The opportunities for new movements and governments to provide foundational, technical skills in the arts is greatly reduced and thus their ability to enshrine new ideals in visual language and culture is slowed. This regional “progress” is dictated by nation-state power dynamics. But with the advances in generative technologies like AI and machine learning tools – and this is neither a testament to their virtues nor a declaration against them – does pose a threat to this long-standing world-order. If the generation of future artefacts continues to become more automated, then the gatekeepers cultural exchange surely lose some power. I wonder how these powerbrokers are planning for a more automated future with regard to preserving modes of influence and control. I don’t believe that an AI cultural revolution will necessarily create a sustainable shift in cultural warfare because for that to happen all sides would have access to the same tools, most likely rendering their macro-impact neutral. This is an assumption admittedly made in a vacuum, without regard to other critical resources and factors. I believe it is, however, still a significant circumstance to consider at a pedagogical and structural level.
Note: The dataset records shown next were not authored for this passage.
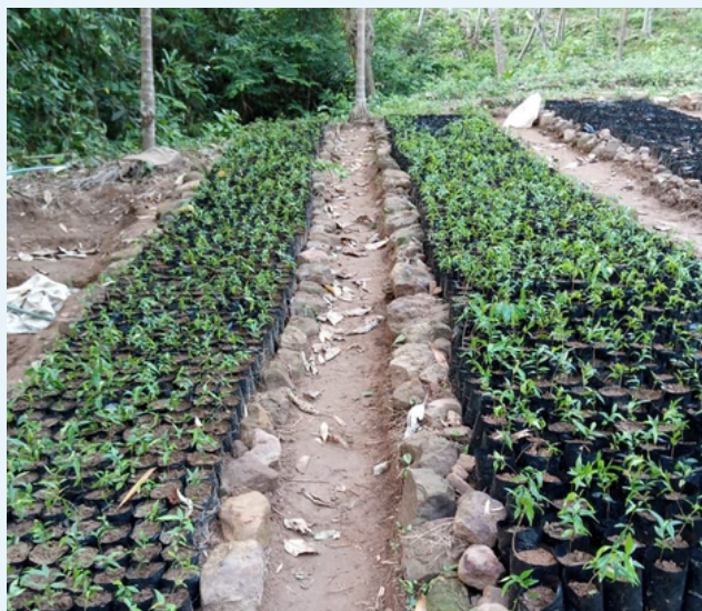
Community Nursery, Wakskogre Village, Gasuapara Block, SGH
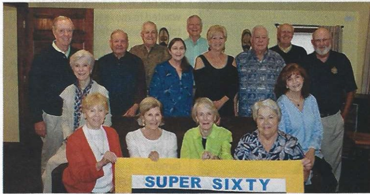
'60: Outer Banks group
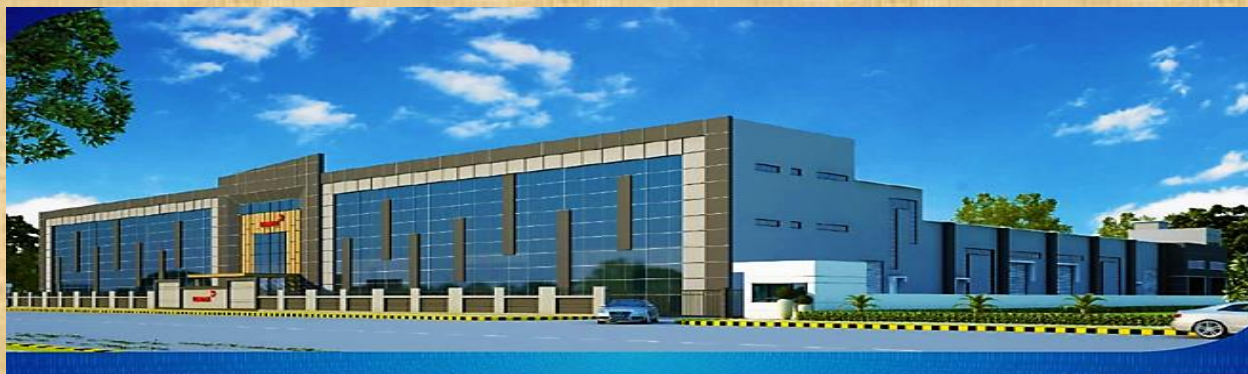
LUMAX ANCILLARY LIMITED
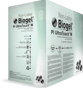
Biogel® PI UltraTouch® M
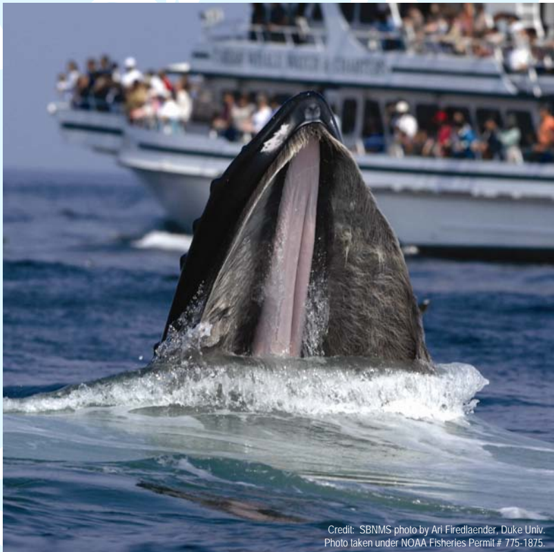
Credit: SBNMS photo by Ari Firedlaender, Duke Univ. Photo taken under NOAA Fisheries Permit # 775-1875.

Studies also indicate that humpbacks not only breed and calve in the Greater Antilles (Cuba, Hispaniola, Puerto Rico), but along the Lesser Antilles chain to as far as Trinidad and Tobago, and Venezuela, although the most populous area is along the northern coast of the Dominican Republic. The sanctuary is working with its counterpart there to coordinate education, outreach and research programs. Efforts in the Caribbean to establish sanctuaries in the Dutch and French Antilles may extend protections at the whale's migratory route endpoints.
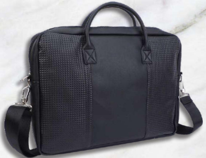
LPK - 10 Rs.1680/-
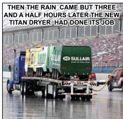
THEN THE RAIN CAME BUT THREE AND A HALF HOURS LATER THE NEW TITAN DRYER HAD DONE ITS JOB
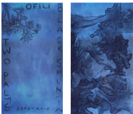
Chris Ofili. Black Shunga . 2008–15. Suite of 11 etchings with gravure on pigmented paper, each: 26 1/2 x 17 1/2" (67.3 x 44.5 cm). Publisher and printer: Two Palms Press, New York. Edition: 20. Purchase. © 2016 Chris Ofili.
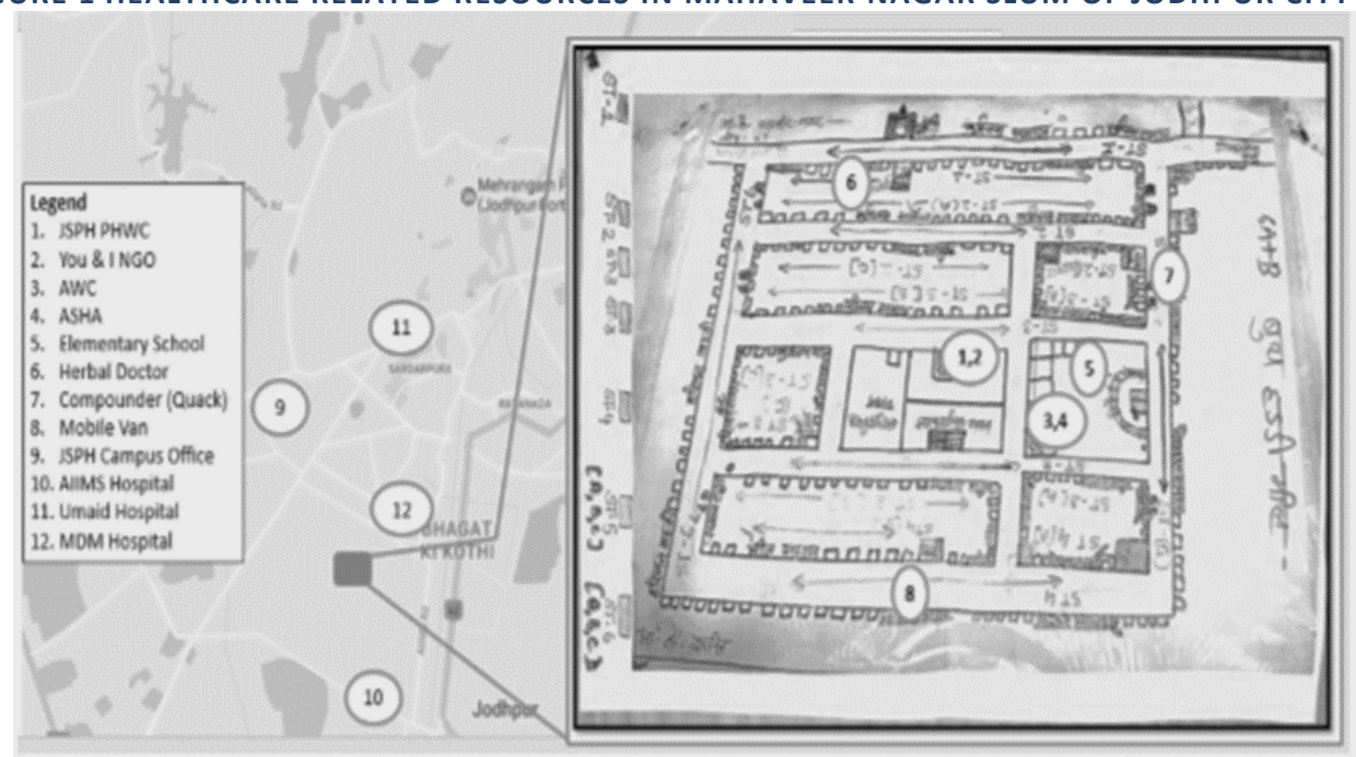
FIGURE 2 UTILIZATION PATTERN OF HEALTH CARE RESOURCES BY SLUM RESIDENTS

But perhaps more directly relevant to my role as university art teacher in the UK, I wonder how I can apply an awareness of these political realities and build curriculum/pedagogy that avoids the teacher/student trappings (Savage, 2023) of many cross-cultural, transnational dynamics while inspiring creative work that resonates more universally with what it means to be a responsible, compassionate, and fair human being in a more-than-human world. To borrow sentiments from Savage (2023), how can new technologies and teaching/learning techniques serve as “resource[s] to critique the material inequalities of [the] present and imagine new futures from the ground up” (Savage, 2023), and how can educators best inspire artists and designers to actively learn beyond “passively accepting their training” (Savage, 2023)?


References

Savage, P. (2023) ‘The New Life: Mozambican Art Students in the USSR, and the Aesthetic Epistemologies of Anti-Colonial Solidarity’, in P. Savage (ed.) Art History. John Wiley & Sons, pp. 1078-1100.